Source data -
.....

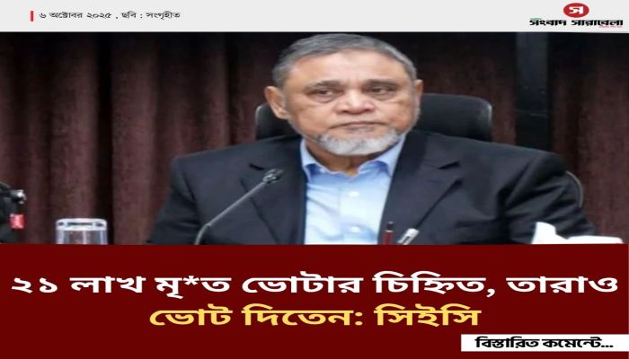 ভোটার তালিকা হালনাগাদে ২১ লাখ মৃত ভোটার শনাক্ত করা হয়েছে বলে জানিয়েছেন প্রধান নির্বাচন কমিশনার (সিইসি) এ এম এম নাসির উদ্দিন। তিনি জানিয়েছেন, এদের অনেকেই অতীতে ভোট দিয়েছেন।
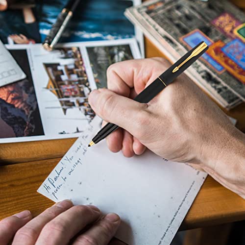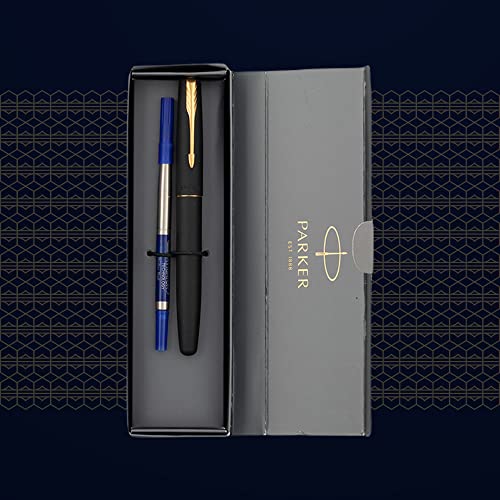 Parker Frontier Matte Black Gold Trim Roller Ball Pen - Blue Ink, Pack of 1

.....

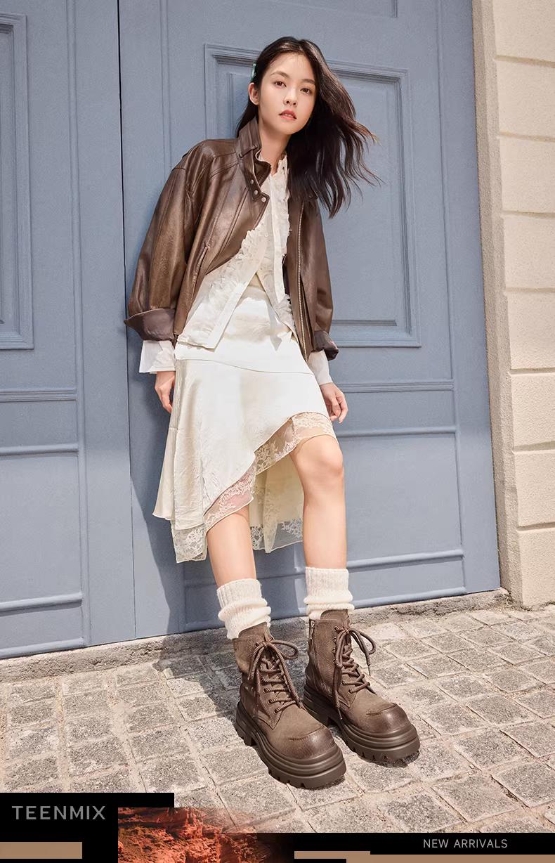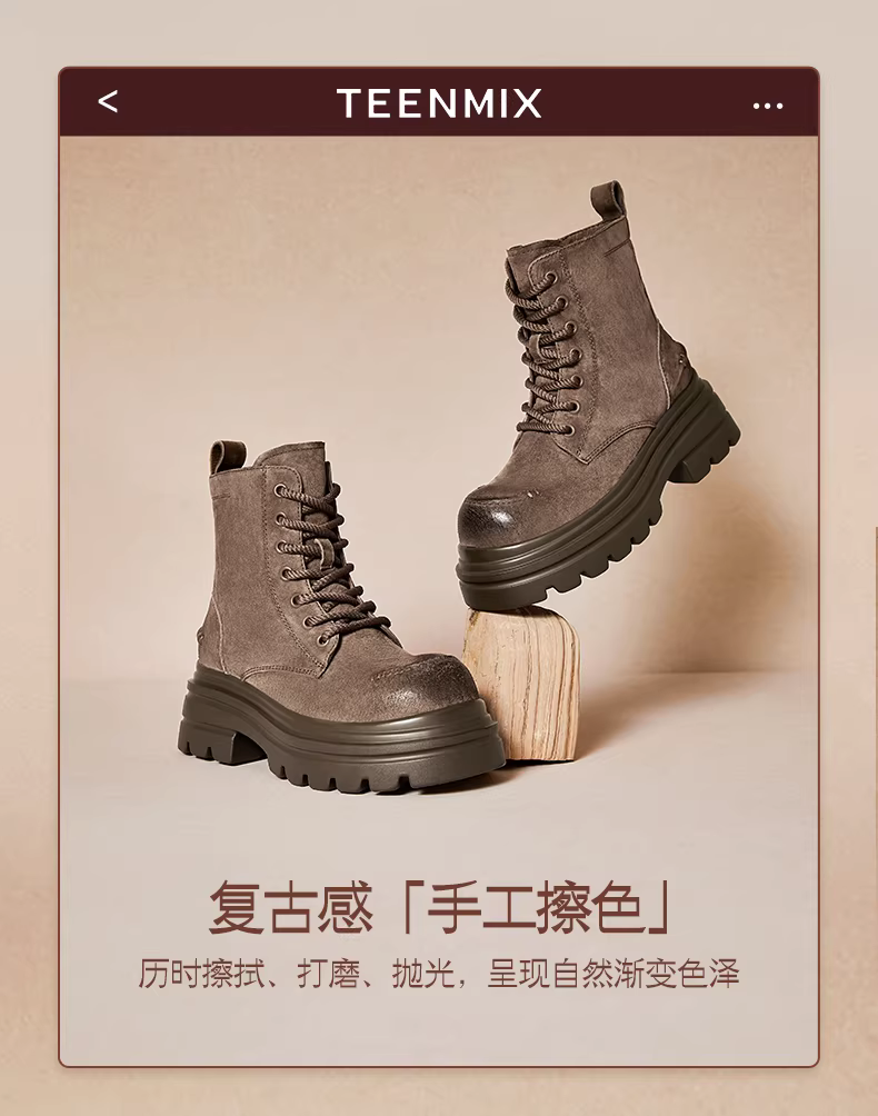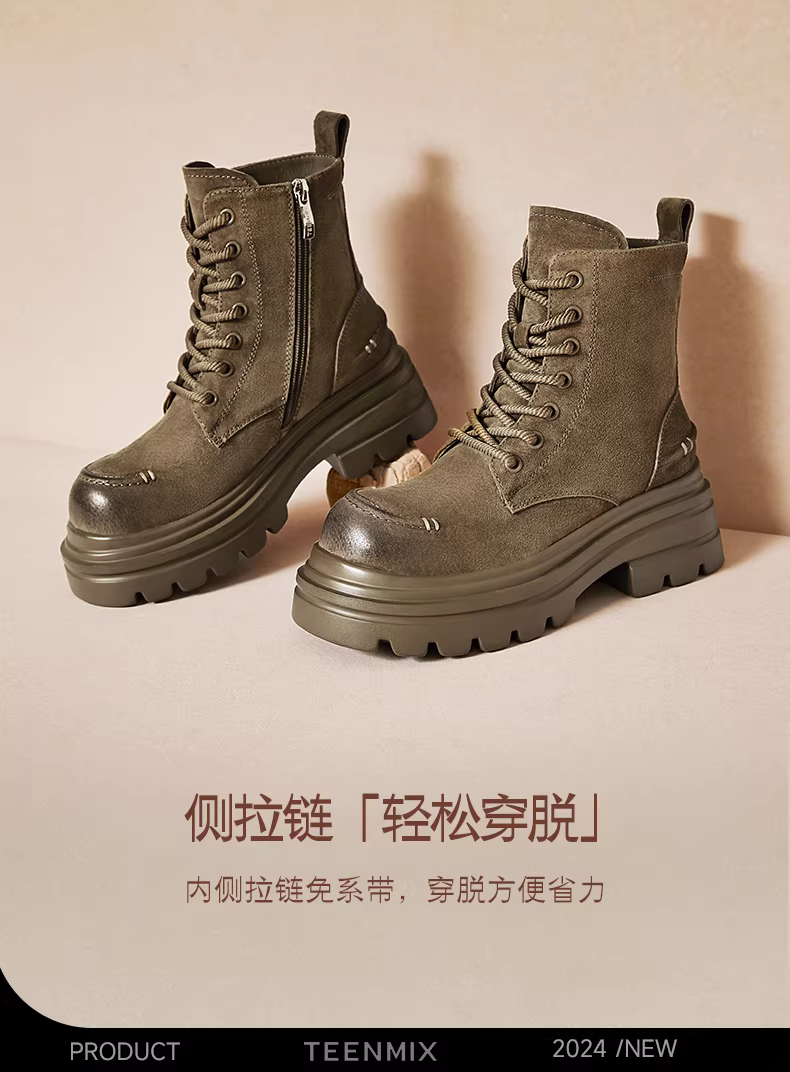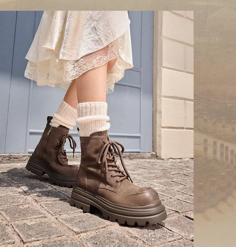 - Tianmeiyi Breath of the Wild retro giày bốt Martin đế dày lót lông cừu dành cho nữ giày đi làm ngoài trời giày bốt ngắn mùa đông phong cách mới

.....

Each line between the one holding "ভোটার তালিকা হালনাগাদে" and the one holding "Parker Frontier Matte", inclusive, should be copied exactly as it appears above, and pictures should be omitted.

Reply to the task -
 ভোটার তালিকা হালনাগাদে ২১ লাখ মৃত ভোটার শনাক্ত করা হয়েছে বলে জানিয়েছেন প্রধান নির্বাচন কমিশনার (সিইসি) এ এম এম নাসির উদ্দিন। তিনি জানিয়েছেন, এদের অনেকেই অতীতে ভোট দিয়েছেন।
 Parker Frontier Matte Black Gold Trim Roller Ball Pen - Blue Ink, Pack of 1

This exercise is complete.